→ **DATASET EXCERPT**
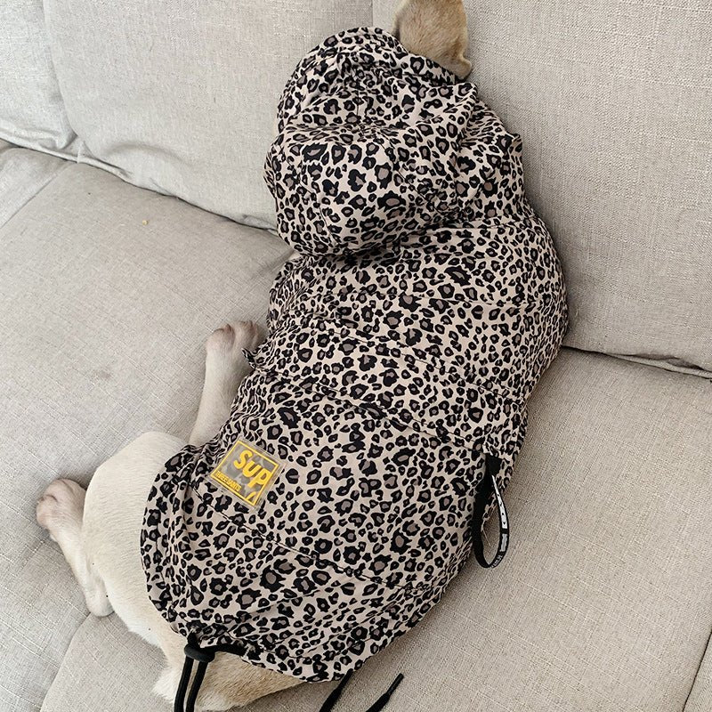 Your French Bulldog will adore a gown with a leopard print - it will look like a real cat from the jungle. This raincoat has a hood and is made of super durable nylon-coated fabric that repels water and makes it easier to chase squirrels. Take him for a walk, camping, or just a walk around the block - the raincoat does not restrict his movement and is perfect for the urban lifestyle of the French.
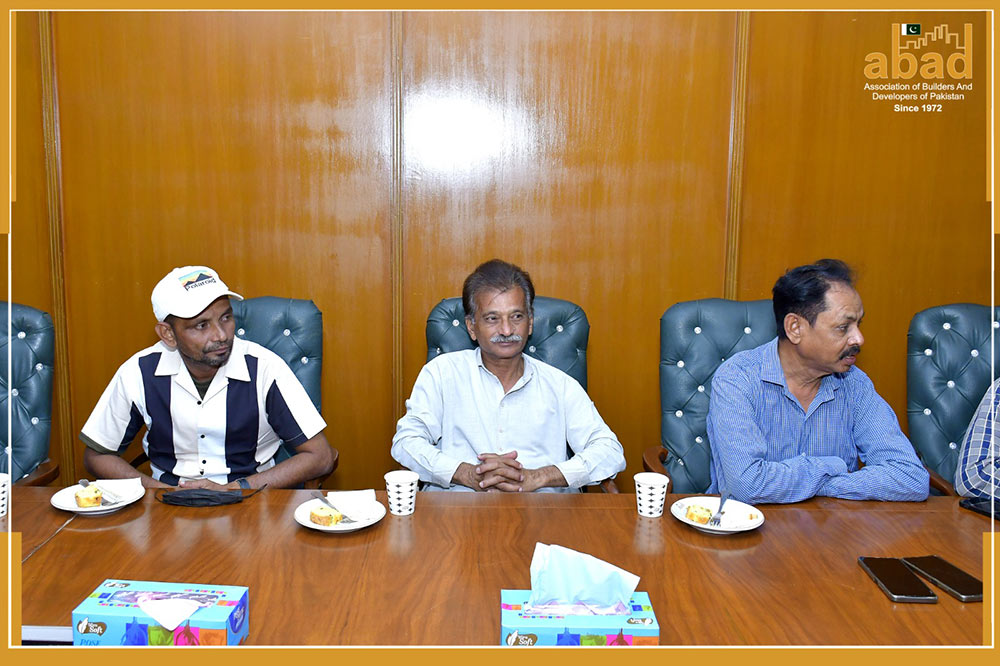 Chairman ABAD Muhammad Hassan Bakshi and Vice Chairman ABAD Tariq Aziz met with the delegation of Abkar Workers Democratic Alliance at ABAD House. The meeting focused on the issues of water shortage and fair distribution in Karachi. Chairman ABAD assured the delegation of his full cooperation. The delegation was led by Syed Rashid, Chairman and Central Leader of the Alliance, along with other representatives of the Water & Sewerage Corporation.
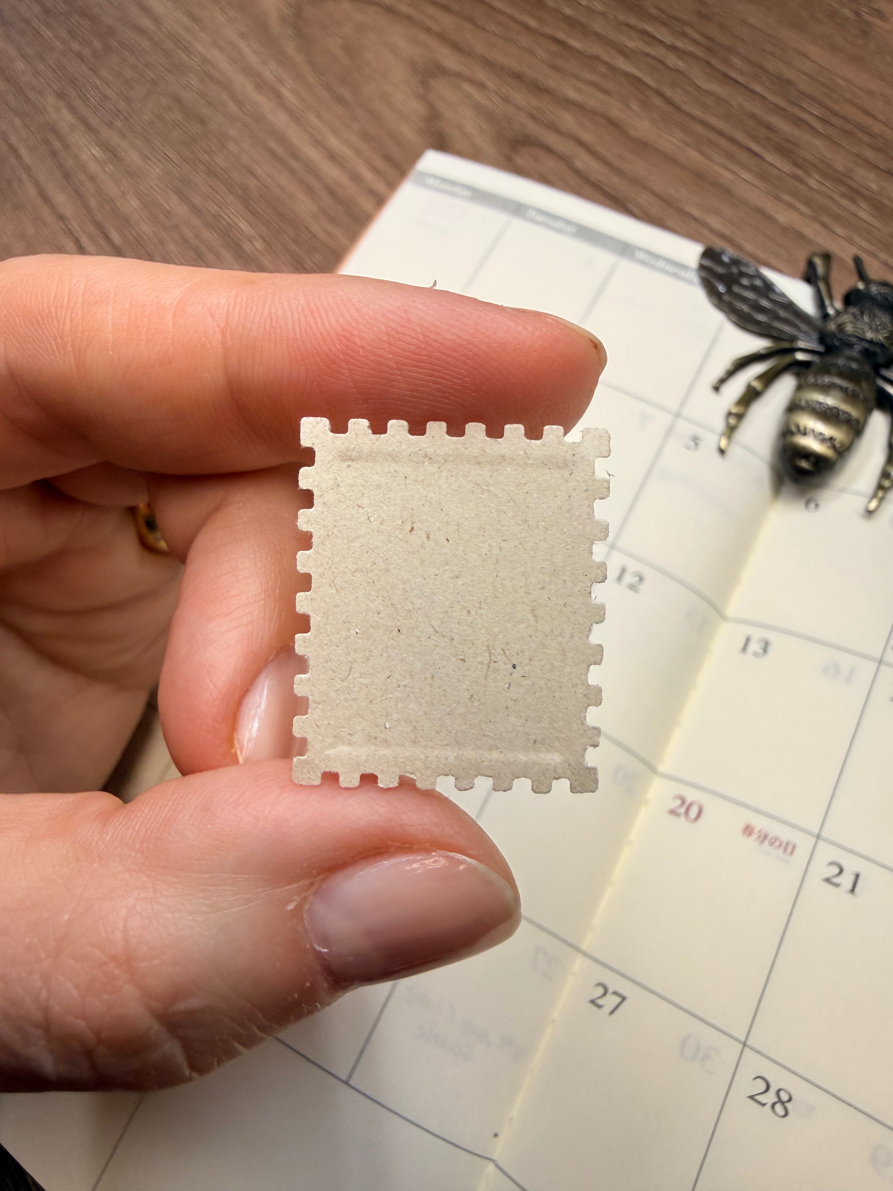 Dobrany tak, aby wycięte znaczki pasowały do miesięcznych kalendarzy Traveler's Notebook.

→ **ACTIVITY**
Strip out the pictures and reproduce the remaining material above exactly.

→ **SOLVED EXERCISE**
 Your French Bulldog will adore a gown with a leopard print - it will look like a real cat from the jungle. This raincoat has a hood and is made of super durable nylon-coated fabric that repels water and makes it easier to chase squirrels. Take him for a walk, camping, or just a walk around the block - the raincoat does not restrict his movement and is perfect for the urban lifestyle of the French.
 Chairman ABAD Muhammad Hassan Bakshi and Vice Chairman ABAD Tariq Aziz met with the delegation of Abkar Workers Democratic Alliance at ABAD House. The meeting focused on the issues of water shortage and fair distribution in Karachi. Chairman ABAD assured the delegation of his full cooperation. The delegation was led by Syed Rashid, Chairman and Central Leader of the Alliance, along with other representatives of the Water & Sewerage Corporation.
 Dobrany tak, aby wycięte znaczki pasowały do miesięcznych kalendarzy Traveler's Notebook.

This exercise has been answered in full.